L’utilisation de DuboCalc, jumelée à la règle d’adjudication décrite ci-haut, est donc très intéressante pour les raisons suivantes :
- Pendant la préparation de sa soumission, un soumissionnaire peut se questionner par rapport au design qu’il va proposer et « simuler » différents scénarios à l’aide de DuboCalc, ce qui favorise l’innovation (rappelons que favoriser l’innovation est un des avantages, pour le donneur d’ouvrage, de décrire le besoin en termes de performance ou d’exigence fonctionnelle : voir notre billet précédent)
- La règle d’adjudication comprend l’application d’un rabais, ce qui encourage à faire le choix d’utiliser des matériaux plus écologiques
- Le choix d’un soumissionnaire d’utiliser des matériaux plus écologiques a bien sûr un impact à la hausse sur le montant de sa soumission, mais l’application du rabais fait en sorte qu’il peut tout de même présenter une offre qui sera compétitive
- DuboCalc est simple d’utilisation : un soumissionnaire doit simplement indiquer les matériaux qu’il va utiliser et l’outil va ensuite effectuer les calculs
- Les calculs sont effectués par DuboCalc, mais la démarche est transparente pour un soumissionnaire puisque cet outil est relié à une base de données nationale et que la règle d’adjudication est clairement indiquée aux documents d’appel d’offres
Pour conclure, il est important de noter que l’approche de RWS et, de manière plus large, celle des Pays-Bas, est basée sur le concept appelé « Economically Most Advantageous Tender » (EMAT)[6], couramment utilisé en Europe. On peut traduire ce concept par « l’offre économiquement la plus avantageuse ». Ce n’est donc pas une adjudication au « prix le plus bas », mais plutôt en fonction de plusieurs critères et qui peut notamment permettre de considérer les coûts qui sont imputés aux externalités environnementales. Il s’agit sans aucun doute d’une approche très intéressante dont le Québec devrait s’inspirer.

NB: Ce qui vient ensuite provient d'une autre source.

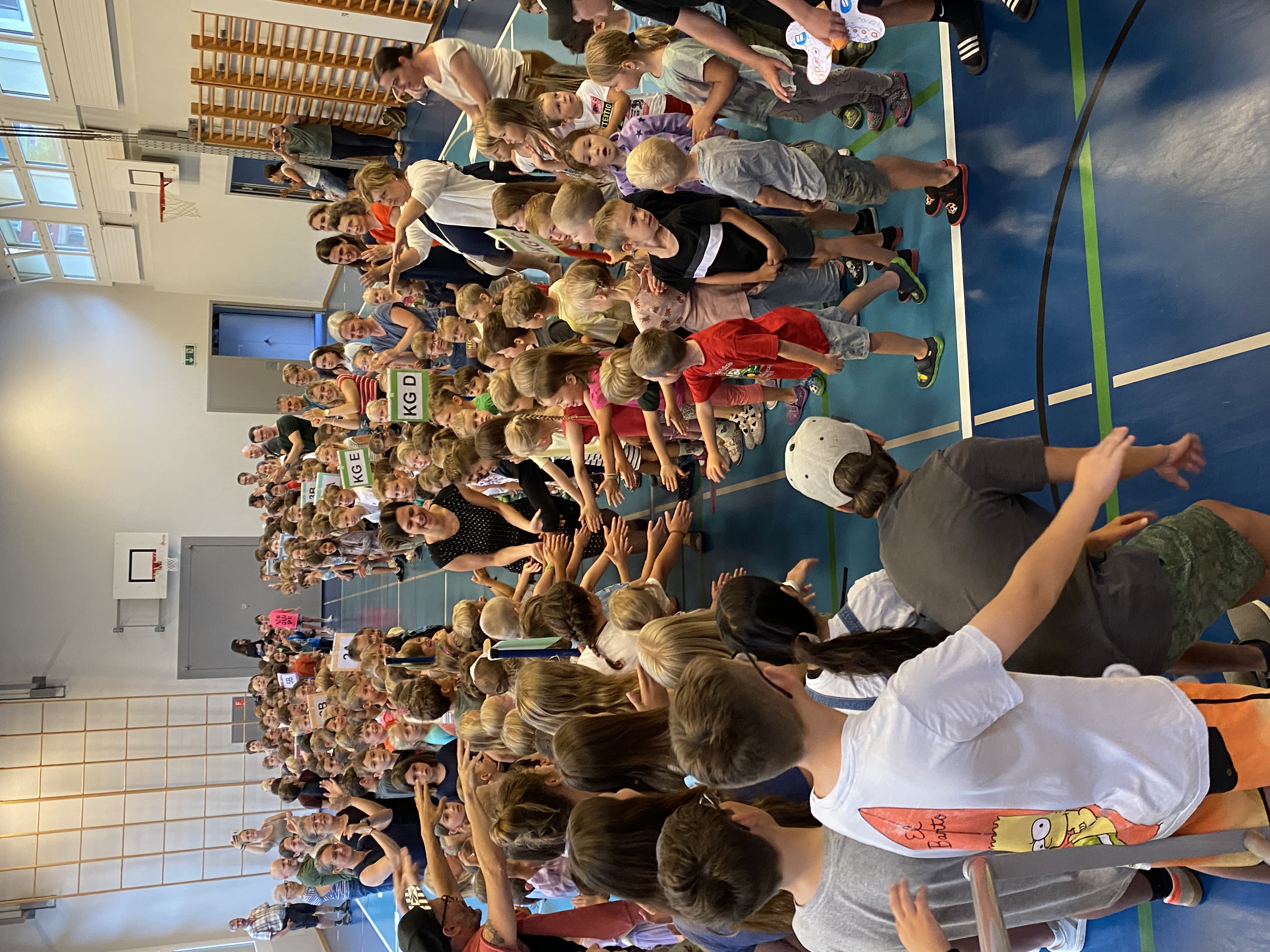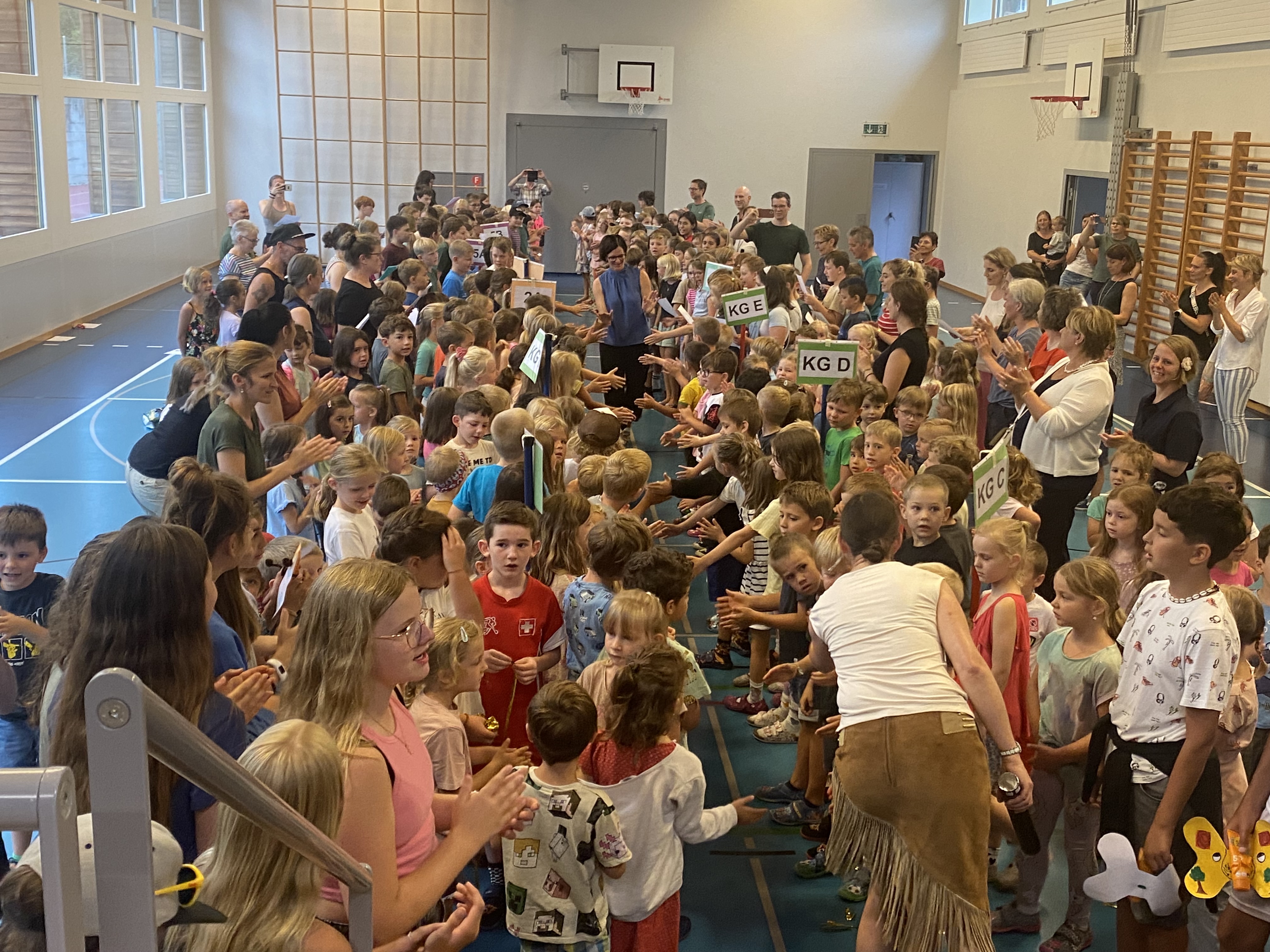Mit grosser Vorfreude auf die langen Sommerferien versammelten sich alle SchülerInnen der Primarschule Steinen am letzten Schultag in der Turnhalle.

[1] Geneviève Dufour, Priorité aux produits locaux, durables et responsables (Le Devoir), 25 février 2023.
[2] Rappelons que ces règles, prévues aux articles 14.6 à 14.9 de la LCOP, visent uniquement les organismes publics assujettis à la LCOP, tels que les organismes des réseaux de la santé et de l’éducation.
[3] Le gouvernement du Québec définit l’analyse du cycle de vie (ACV) de la manière suivante : « […] une méthode d’analyse régie par l’Organisation internationale de normalisation (ISO) qui permet d’évaluer la performance environnementale d’un produit ou d’une activité sur l’ensemble de son cycle de vie. Cette approche globale tient compte de l’extraction et du traitement des matières premières, des processus de fabrication, du transport et de la distribution, de l’utilisation et de la gestion du produit en fin de vie. Elle a pour objectif de permettre la réduction des effets des produits et des services sur l’environnement, en facilitant la comparaison de solutions et la prise de décision. Elle constitue un outil d’aide à la gestion écologique et, à plus long terme, au développement durable. »
[4] Voir notamment l’article 37 du Règlement sur certains contrats d’approvisionnement des organismes publics, RLRQ, c. C-65.1, r. 2.
[5] Organisation de coopération et de développement économiques, Going Green : Best Practices for Sustainable Procurement, 2015.
[6] Parfois également appelé « Most Economically Advantageous Tender » (MEAT).